Saki Ishino, Takuya Itaki, Motohisa Fukuda,
Deep learning object detection for fossil diatom counting: assessing the impact of fossil preservation and intraspecific morphological variation,
Marine Micropaleontology,
Volume 201,
2025,
102519,
ISSN 0377-8398,
https://doi.org/10.1016/j.marmicro.2025.102519.
(https://www.sciencedirect.com/science/article/pii/S0377839825000842)

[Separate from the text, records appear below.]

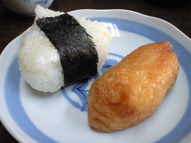 おにぎり(昆布)とお稲荷さん;昆布が切れていたのでとーさんが握ってくれました (^^) @2013/04/13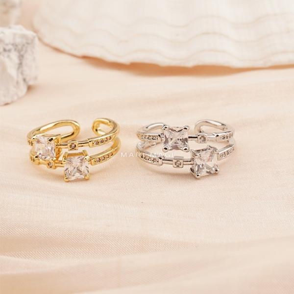 マリマギ リング 指輪 マルチビュー オープン レディース クリアー ゴールド ミックス ゴールド シルバー シンプル デザイン 重ね着け 人気 流行 まりまぎ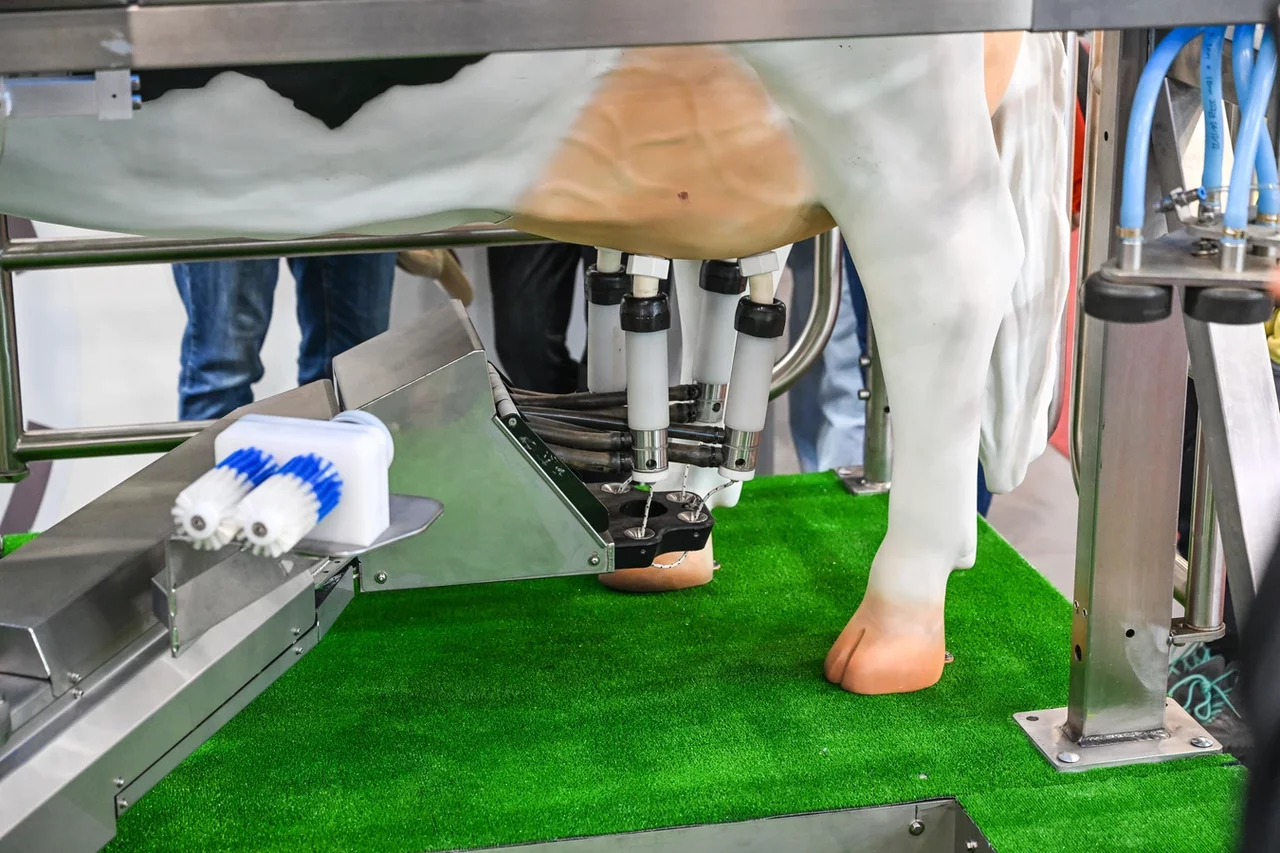 Zajímavým prvkem expozice je i model budoucího uspořádání dojírny. „Ukazujeme systém, kde jsou roboti integrováni přímo v dojírně – v podstatě jde o dojírnu složenou z robotů,“ vysvětluje Michal Weber s tím, že právě tento koncept může v budoucnu výrazně změnit organizaci práce na farmách.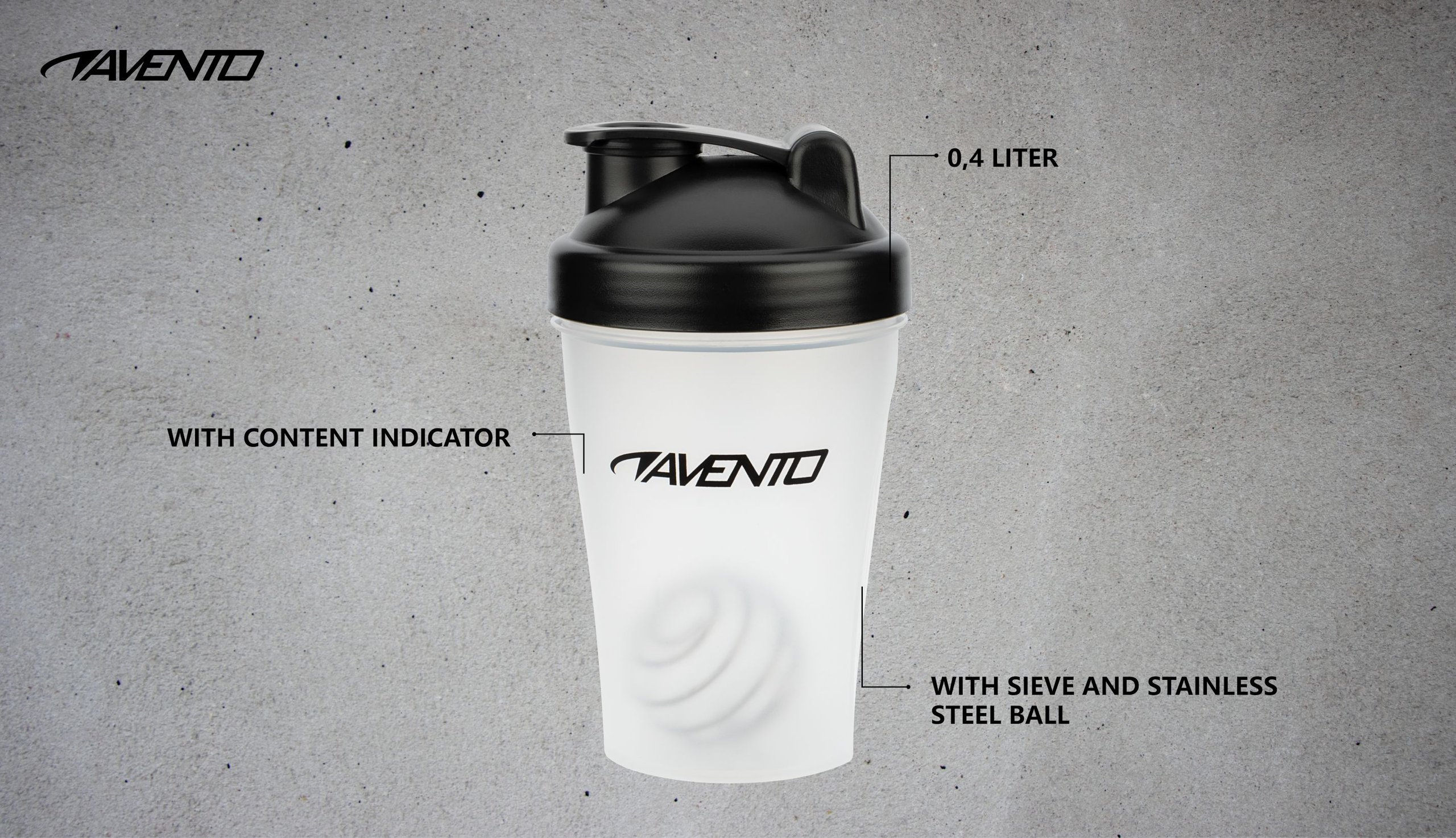 | Kenmerken | • LDPE beker • rubberen dop • roestvrij stalen bal • draaidop en drinktuit met afsluitdop • inhoudsdisplay aan de zijkant van de beker • stalen bal om sportdrank te shaken • raster voorkomt opdrinken van klontjes • hoogte beker 16 cm • inhoud 0.4 liter |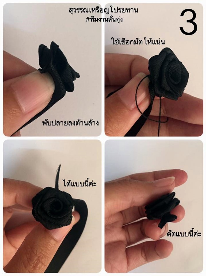แบบที่ 5 การทำดอกกุหลาบจากริบบิ้น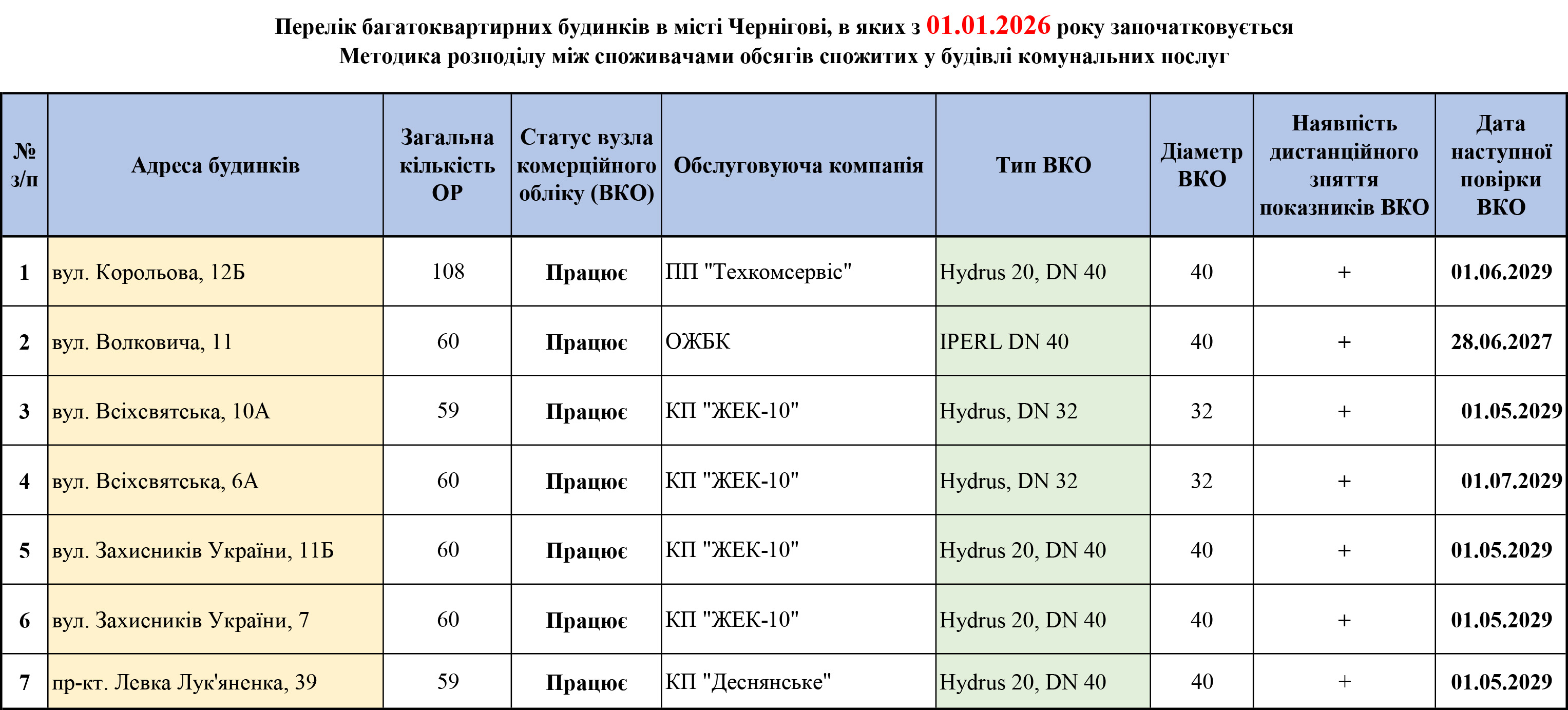 Починаючи з 01.01.2026 за приладами комерційного обліку води розраховуватимуть ще 7 житлових будинків міста Чернігова.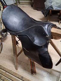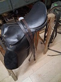 Sella da monta all'inglese non piu usata ma conservata bene ,con sottosella,staffe e morso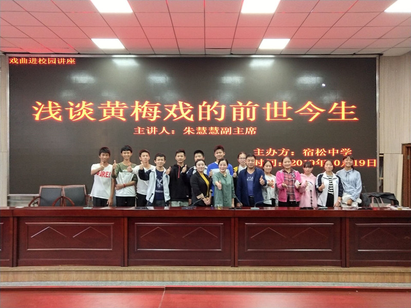 為傳承弘揚戲曲文化精髓,推進“戲曲進校園”工作,培養學生戲曲素養,營造校園戲曲文化氛圍,推進戲曲藝術振興發展。10月19日,宿松中學特別邀請宿松縣戲劇家協會副主席兼秘書長朱慧慧老師在校圖書館學術報告廳作《黃梅戲的前世今生》主題講座。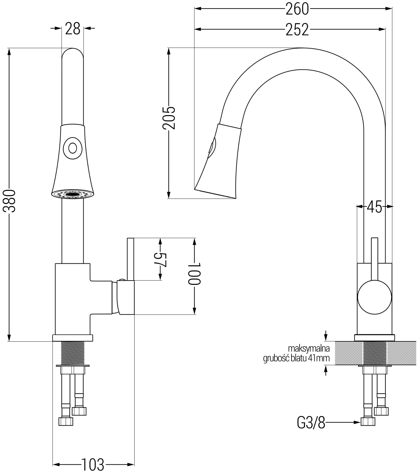 A torneira possui 2 modos de funcionamento: normal e chuveiro. O jato de água pode ser alterado livremente e ajustado para atender às necessidades individuais. Desta forma, lavar a louça torna-se ainda mais fácil, conveniente e eficaz.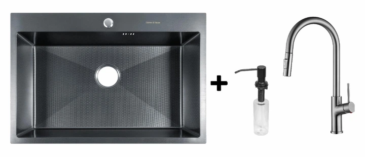 Комплект Gunter&Hauer: Кухонна мийка Odenbach 7522 Black + Кухонний змішувач LUFT Br + Дозатор SOAP DISPENSER Black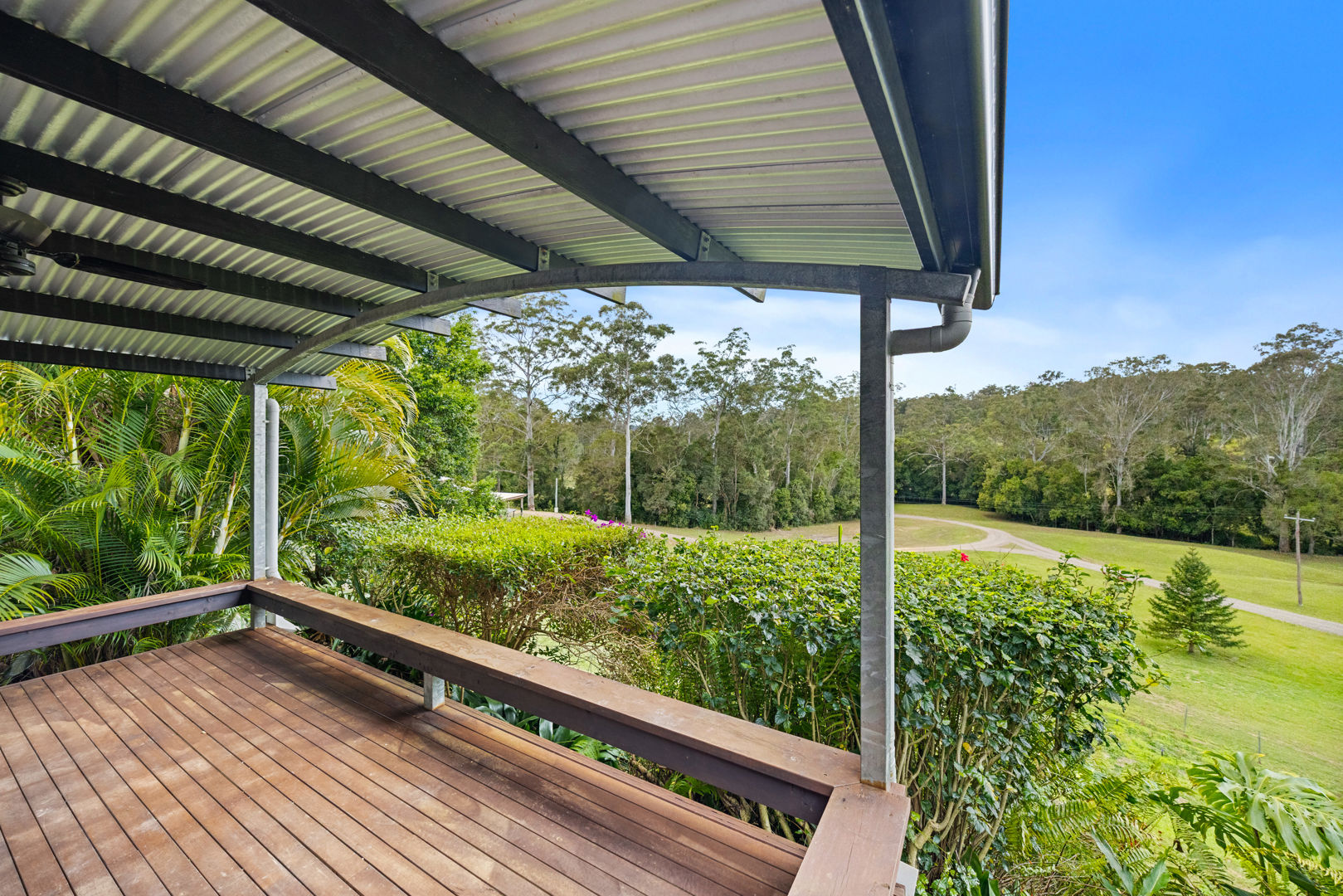 Entering the property, a long private driveway winds past rustic yards and an animal enclosure, across the tree-lined creek and past the large shed before continuing up to the double carport. Here, you'll arrive at a pavilion-style, beautifully crafted 'Bush to Beach' home, perched high and positioned proudly at the rear of the property to capture sweeping views across 20.6 acres of heaven. Designed for those who value privacy, with a permanent spring-fed creek and secure fencing, this estate offers both a sanctuary and a lifestyle opportunity.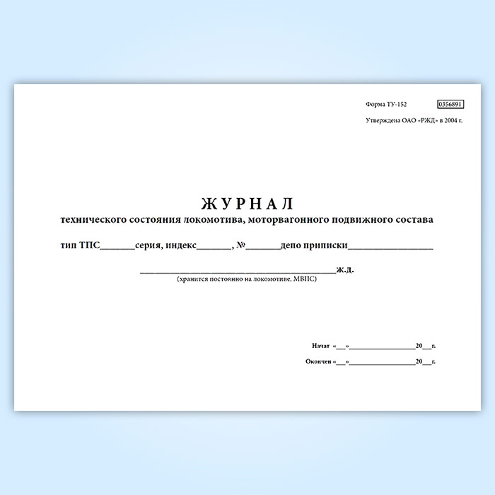 Журнал технического состояния локомотива, моторвагонного подвижного состава (форма № ТУ-152) в Сургуте купить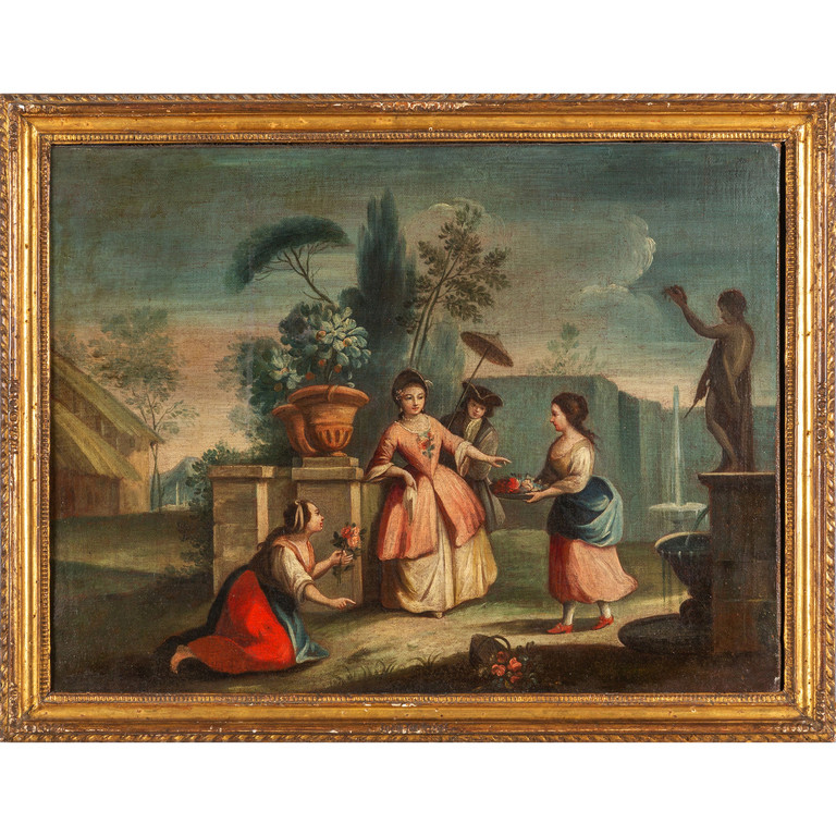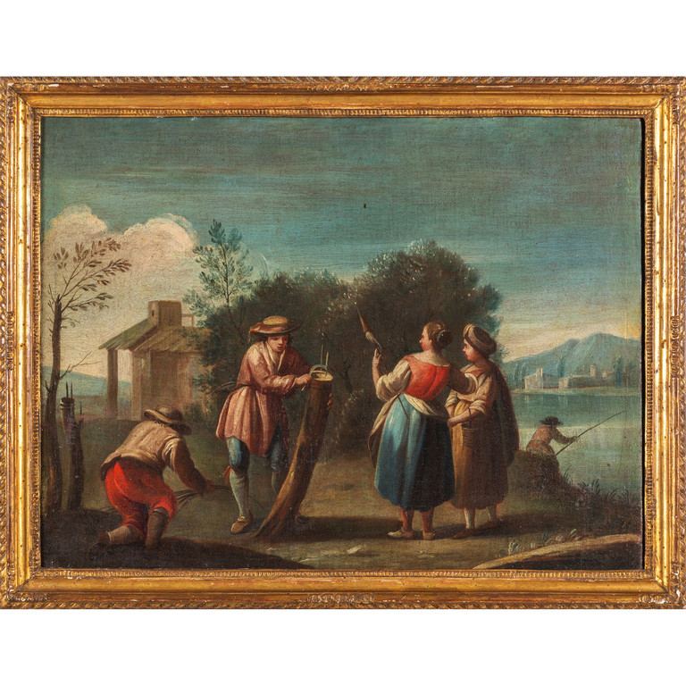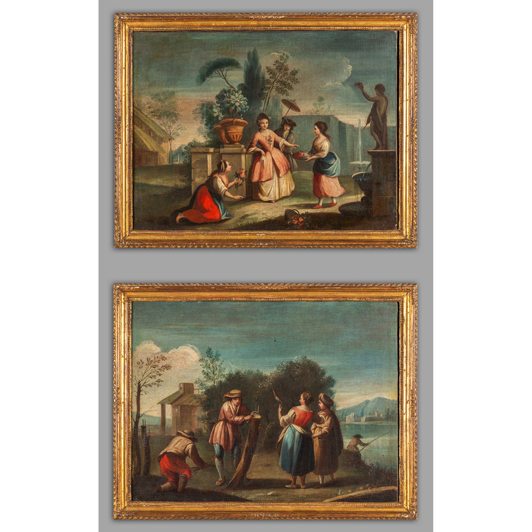 'Scene di genere' coppia di olii sec.XVIII cornici coeve in legno intagliato e dorato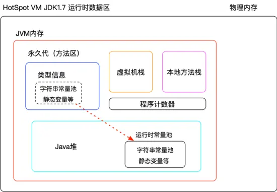 "永久代(Permanent Generation)",可以理解为 JDK 1.8 之前 HotSpot 虚拟机对《Java 虚拟机规范》中"方法区"的实现。从 JDK 1.6、1.7 到 1.8+,HotSpot 虚拟机的运行时数据区变迁示意图如下: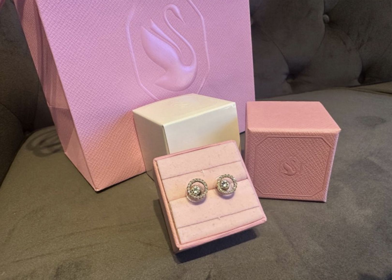 Růžové zlato/kov. Nepoužité, 1,1 cm průměr, hodici se pro všechny příležitosti, do práce; na sport či event i více společenskou událost. Kvalita a dlouhotrvající lesk a zpracování oficiální sítě kamenných obchodů Swarovski zárukou. Original balení. Zásilkovnou či osobní odběr.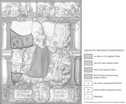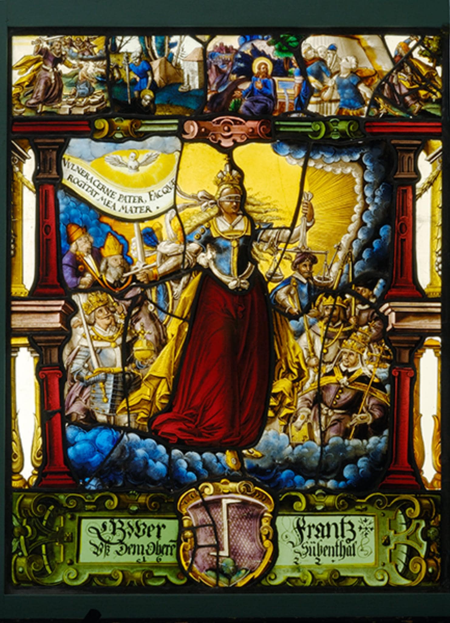 Im Zentrum schwebt über einem blauen Wolkenband die von gleissendem Sonnenlicht umstrahlte Justitia in langem rotem Rock und gelbem Mantel. Mit gekröntem Haupt und verbundenen Augen hält sie in den Händen Richtschwert und Waage. Zu ihren Füssen sind in den Wolken Kaiser, Papst, Sultan und weitere Regenten versammelt. Das Glas mit der Taube des Heiligen Geistes und der Fürbitte-Botschaft Christi auf einem lateinischen Schriftband ("Schau meine Wunden, Vater, und mach, worum meine Mutter bittet") ist ein altes Flickstück aus einer anderen Scheibe. Im Oberbild sind nur die linke Ecke mit Abraham bei der Opferung Isaaks sowie das Stück am rechten Rand original. Die drei Szenen dazwischen sind gleichfalls Flickstücke (Ermordung des hl. Meinrad; Christus und die Samariterin am Brunnen; unidentifizierte Darstellung [laut Foto SNM Zürich angebliche Bekehrung Sauls]). Die Hauptszene rahmt ein fragiles doppelstöckiges Architekturgebilde aus Pfeilern, Säulen und einem zierlichen Gebälk. Damit kontrastiert die den Scheibenfuss füllende grüne Kartusche aus üppigem Rollwerk, der im Zentrum das Stifterwappen aufgesetzt ist.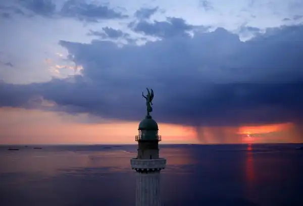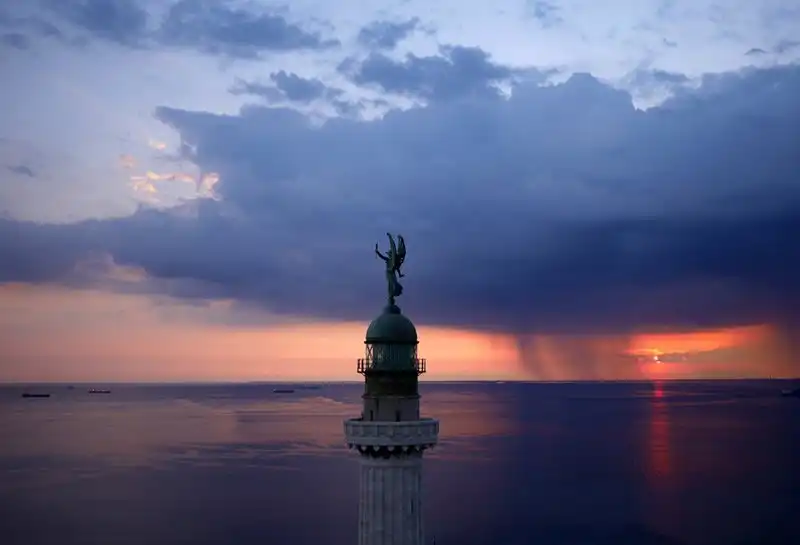 Маяк Фаро делла Виттория (маяк Победы) на закате с видом на залив в городе Триест

Abstract: Recent evidence suggests that object detection techniques based on deep learning are evidently useful for automating microfossil analysis, particularly by enabling the rapid and accurate extraction of target particles. While the assemblage and morphometric analysis of fossil diatoms requires unique procedures, such as including fragmented specimens in counts and accounting for intra-morphometric variation, little is known regarding how these factors affect detection accuracy or how to efficiently construct training datasets for data-driven methods such as deep learning. In this study, we experimentally evaluated the use of the YOLOv5 object detection model to detect Eucampia antarctica, a key paleoenvironmental indicator, across sites in the Southern Ocean that vary in sedimentological and biogeographical characteristics. Detection accuracy was assessed using the datasets from fourteen test sites for the models trained on datasets from four individual sites, that vary within E. antarctica morphology and fossil preservation state, as well as models trained on pairwise combinations of these sites. Our results show that morphological variation of E. antarctica did not significantly affect detection performance, but models trained on datasets of moderately preserved fossils slightly outperformed those trained on datasets of well-preserved fossils. Furthermore, the findings suggest that incorporating diverse non-target particles including other diatom fragments and sediment particles in training data is critical for developing robust models that maintain consistently high performance in diverse regions. Our experiments demonstrate that object detection models allow rapid and accurate counting of E. antarctica, thereby improving its use in paleoenvironmental reconstructions, including past sea ice and surface temperatures.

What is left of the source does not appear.